I was given the definition that the spectrum of a ring R, denoted Spec R, is the set of the prime ideals of R. Then for an arbitrary subset $S \subseteq R$, then $V(S) = \{P \in SpecR | S \subseteq R \}$.
I am confused by what a set of ideal would mean. Here it seems that this is a variety–but that does not make sense to me. Could someone please explain?
Thank you!
Best Answer
The spectrum originated in algebraic geometry. Suppose $f(X_1,X_2,\dots,X_n)$ is an irreducible polynomial in $n$ variables over the field $k$ and let $I$ be the principal ideal generated by $f$. Then the ring $R=k[X_1,X_2,\dots,X_n]/I$ “encodes” the hypersurface defined by the polynomial.
A point $(a_1,a_2,\dots,a_n)\in k^n$ belonging to this hypersurface corresponds to the maximal ideal $$ \frac{(X_1-a_1,X_2-a_2,\dots,X_n-a_n)}{I} $$ whereas a prime ideal in $R$ corresponds to an irreducible subvariety of the hypersurface. So the spectrum not only encodes points of the variety, but also its irreducible subvarieties.
The arbitrary subset $S\subseteq R$ can be substituted by the ideal $(S)$ generated by $S$ and $V(S)=V((S))$. By Hilbert's basis theorem $(S)$ is generated by a finite number of polynomials, so it corresponds to a non necessarily irreducible subvariety and so $V((S))$ is the set of irreducible subvarieties contained in this subvariety.
Of course this can be generalized starting from any irreducible variety, not only a hypersurface, in exactly the same fashion.

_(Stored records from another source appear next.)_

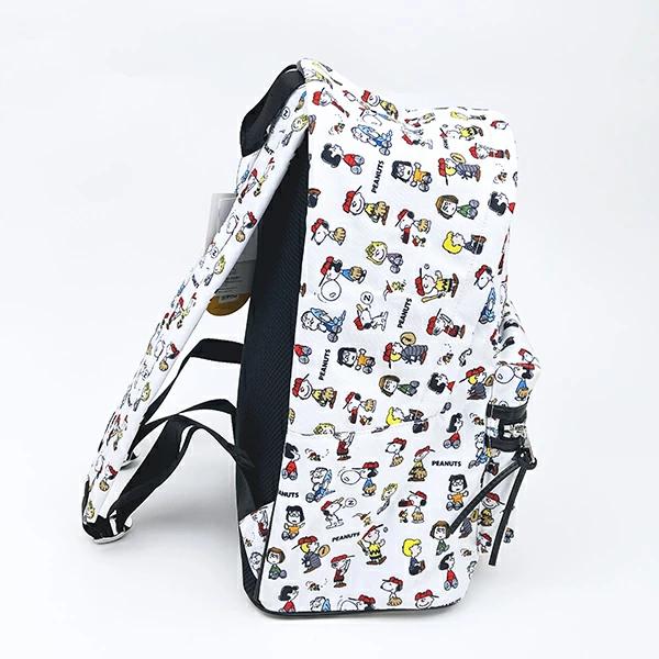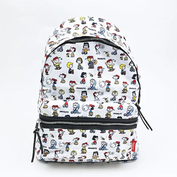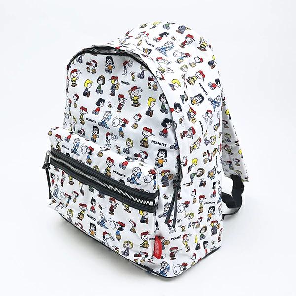 スヌーピーのリュックです♪野球をしているスヌーピーたちが、とってもキュート♪普段使いにピッタリなサイズ感☆外側と内側にもポケットが付いているので、小物の整理も◎総柄で、コーディネートのアクセントになるのと、お子さんと兼用できます♪同じデザインでボディバッグとボストンバッグもあるので、お揃いで持つのもいいですよ☆彡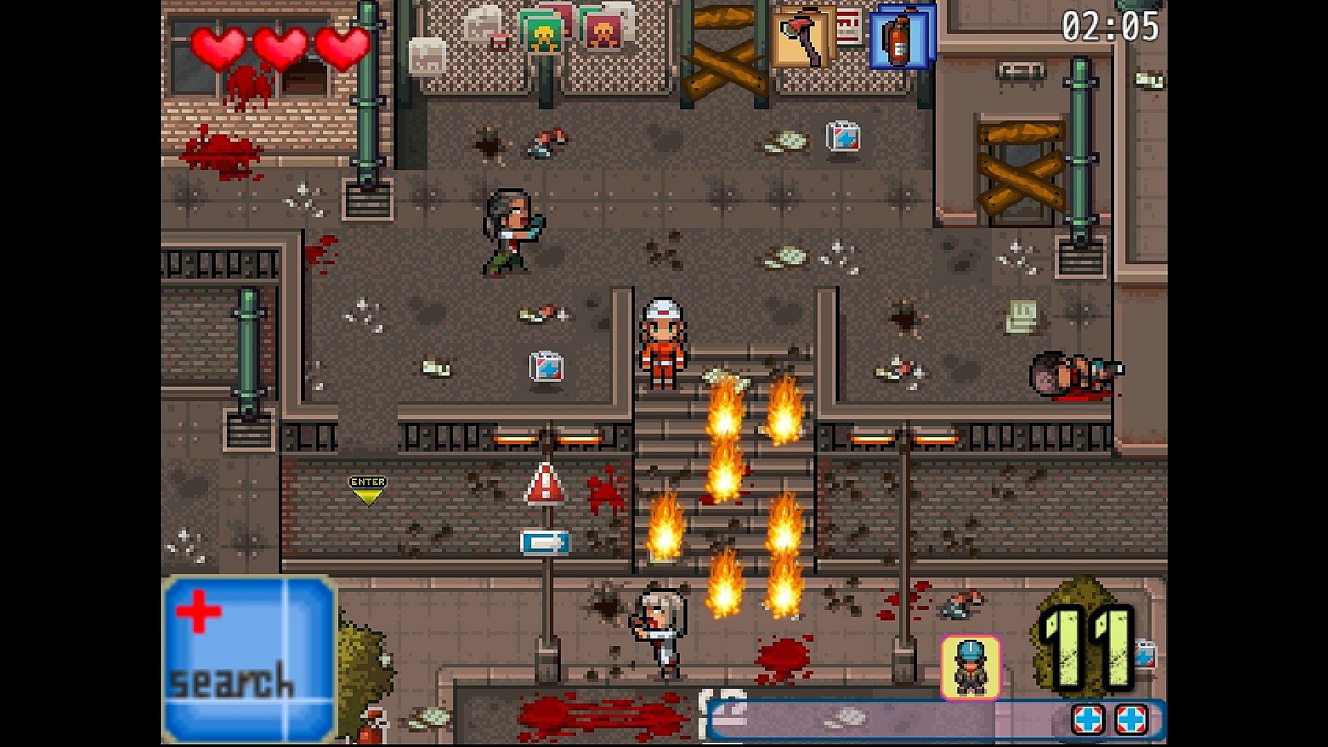 Collect medical treatments scattered throughout the city and rescue those infected within the time limit.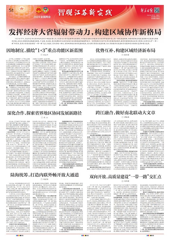 為貫徹落實習近平總書記在江蘇代表團重要講話精神,省重點智庫我校“一帶一路”研究院聚焦江蘇高質量推進“一帶一路”交匯點建設、省內全域一體化、省際毗鄰地區協同發展新成效,深入探討其背后發展機制,為江蘇拓展開放發展新空間提供有力理論支撐和智力支持。《新華日報》3月9日在“2024全國兩會智觀江蘇新實踐”版面,以“發揮經濟大省輻射帶動作用,構建區域協作新格局”為題進行了專門報道,其主要內容如下: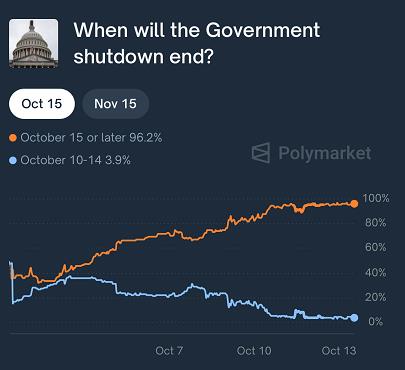 目前押注本周美政府继续关门的概率高达96%,甚至有20%的人押注政府会一直关门到11月中旬。但也就是说,不管是美元还是黄金都已经纳入政府持续关门的预期,如果本周政府恢复运营,则美元将短线保障,而金价将暴跌。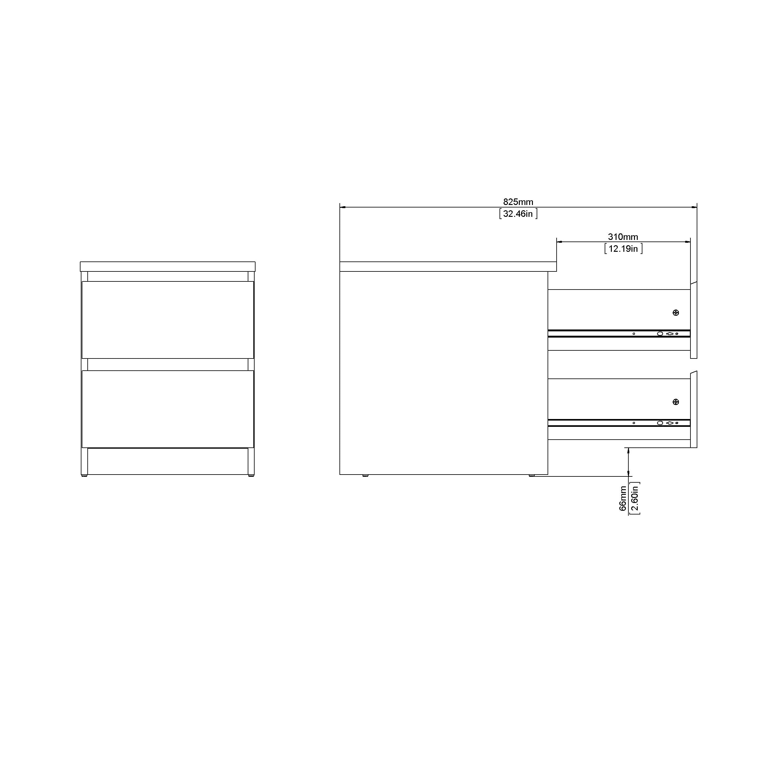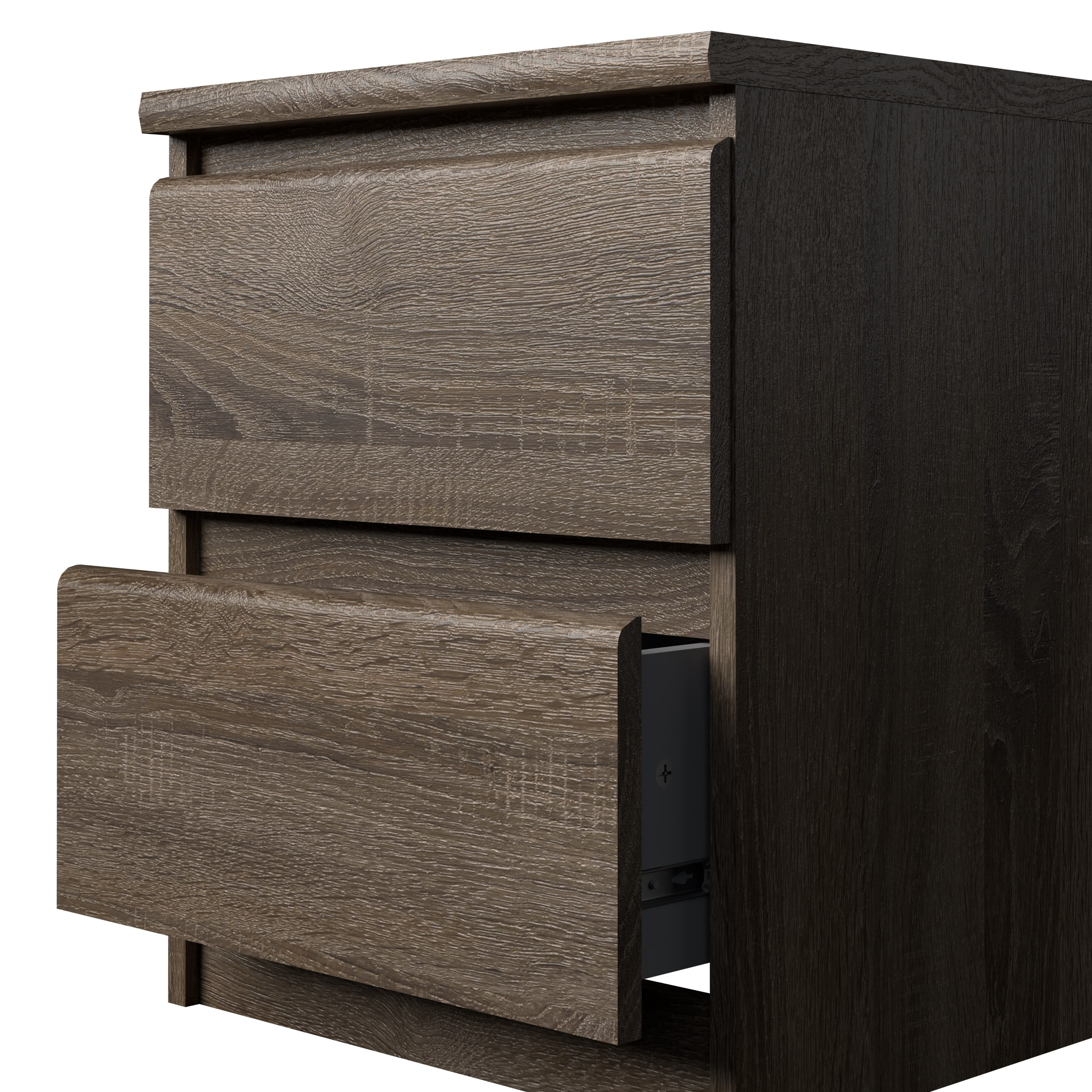 - Two drawers with metal drawer slides

It was Grothendieck's intuition, surely influenced by earlier studies by Zariski, that this encoding could be fruitful, connecting algebraic geometry to topology (because the space of irreducible subvarieties or, equivalently, of prime ideals can be given a topology using the sets $V(S)$ as closed sets) and indeed it has been, leading to the theory of schemes.